Output every line of the material exactly, omitting images.

Excerpted records Block Start

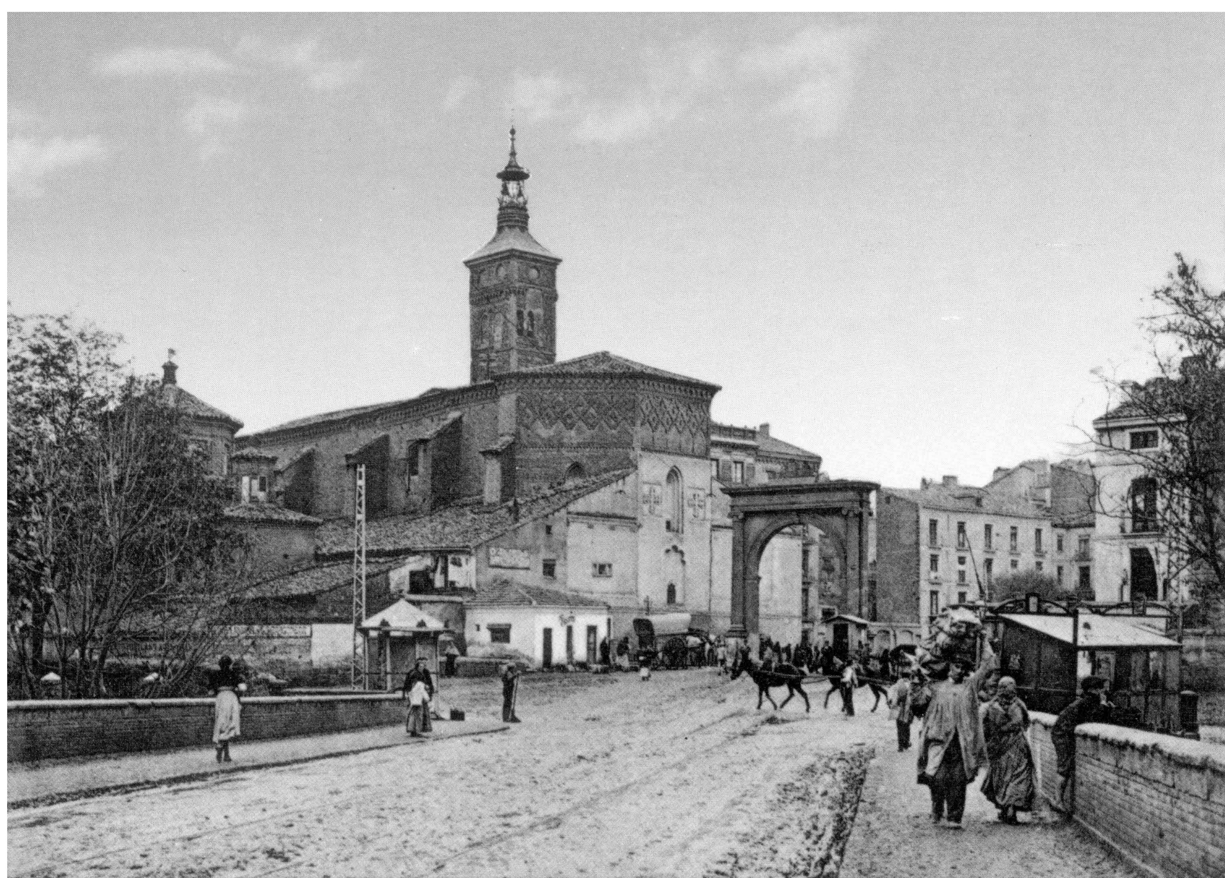
Iglesia de San Miguel y Puerta del Duque.

Le quartier de San Miguel a joué un rôle important dans la lutte que Saragosse a menée contre les troupes françaises pendant la guerre d'Indépendance.
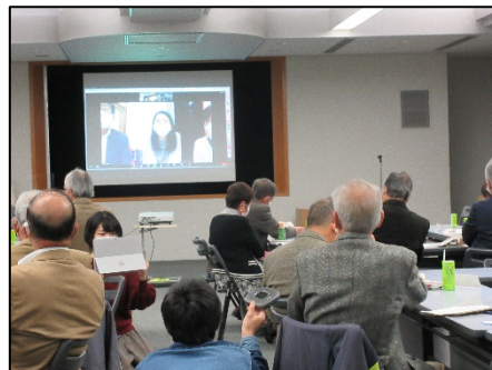
オンラインを活用したウェブ会議

地域や事業者による様々な活動や交流が途絶えることなく継続できることを目指します。
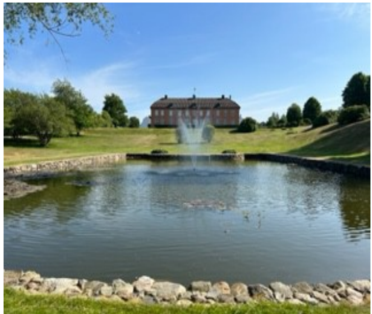
Resan avslutades med en promenad i Maltesholms slottspark.
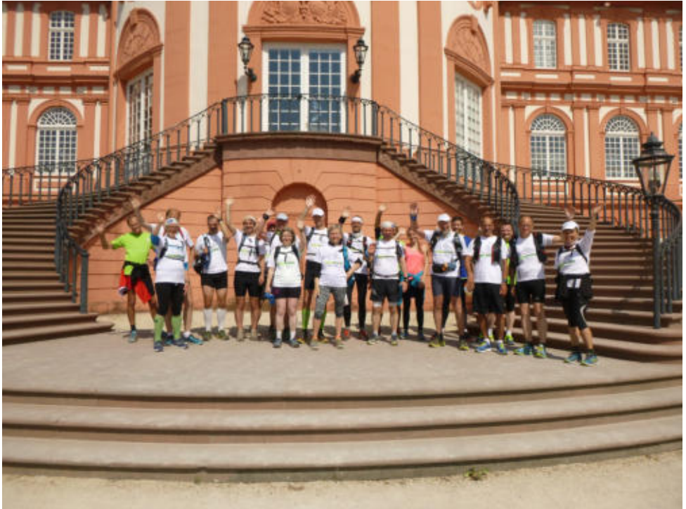
Das Ziel: Schloss Biebrich

Hinzu kommt ein Spendenbeitrag von 20 Euro/Tag.
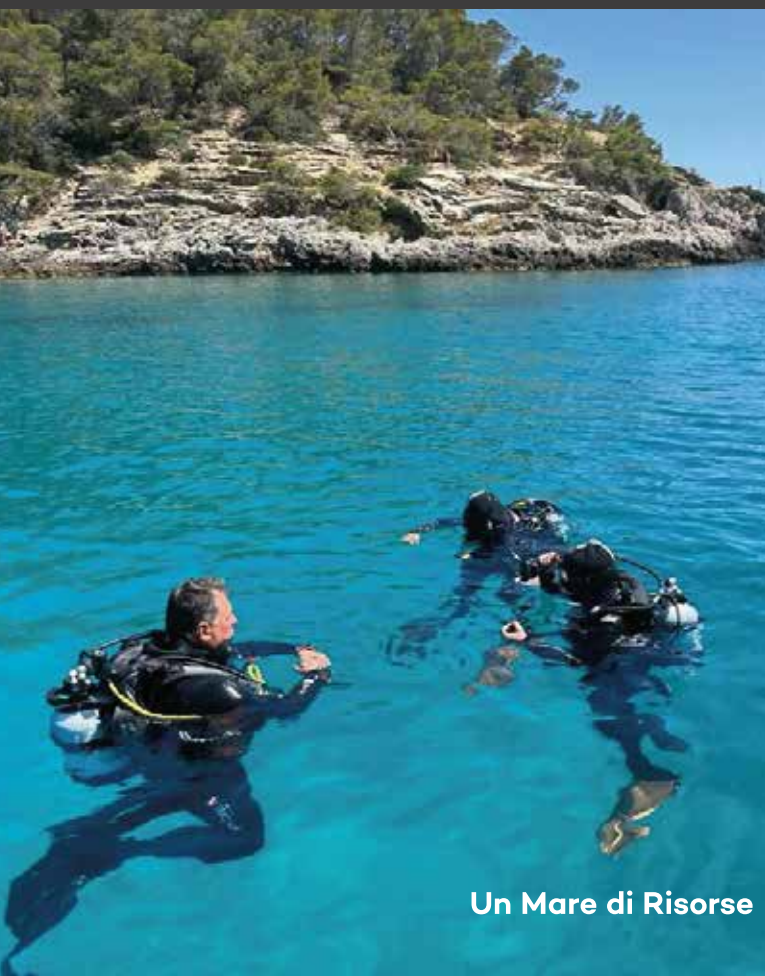
Un Mare di Risorse
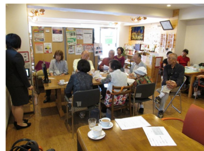
マイナンバー制度ミニ講座
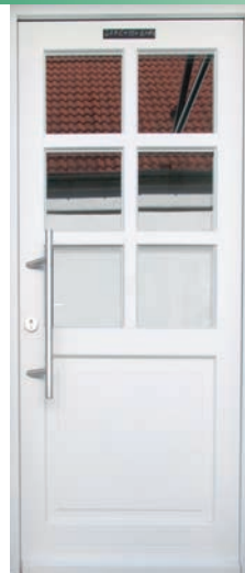
HAUSTÜRE design: Modell 3050

Excerpted records Block End

▶ **Response area**:
Iglesia de San Miguel y Puerta del Duque.

Le quartier de San Miguel a joué un rôle important dans la lutte que Saragosse a menée contre les troupes françaises pendant la guerre d'Indépendance.
オンラインを活用したウェブ会議

地域や事業者による様々な活動や交流が途絶えることなく継続できることを目指します。
Resan avslutades med en promenad i Maltesholms slottspark.
Das Ziel: Schloss Biebrich

Hinzu kommt ein Spendenbeitrag von 20 Euro/Tag.
Un Mare di Risorse
マイナンバー制度ミニ講座
HAUSTÜRE design: Modell 3050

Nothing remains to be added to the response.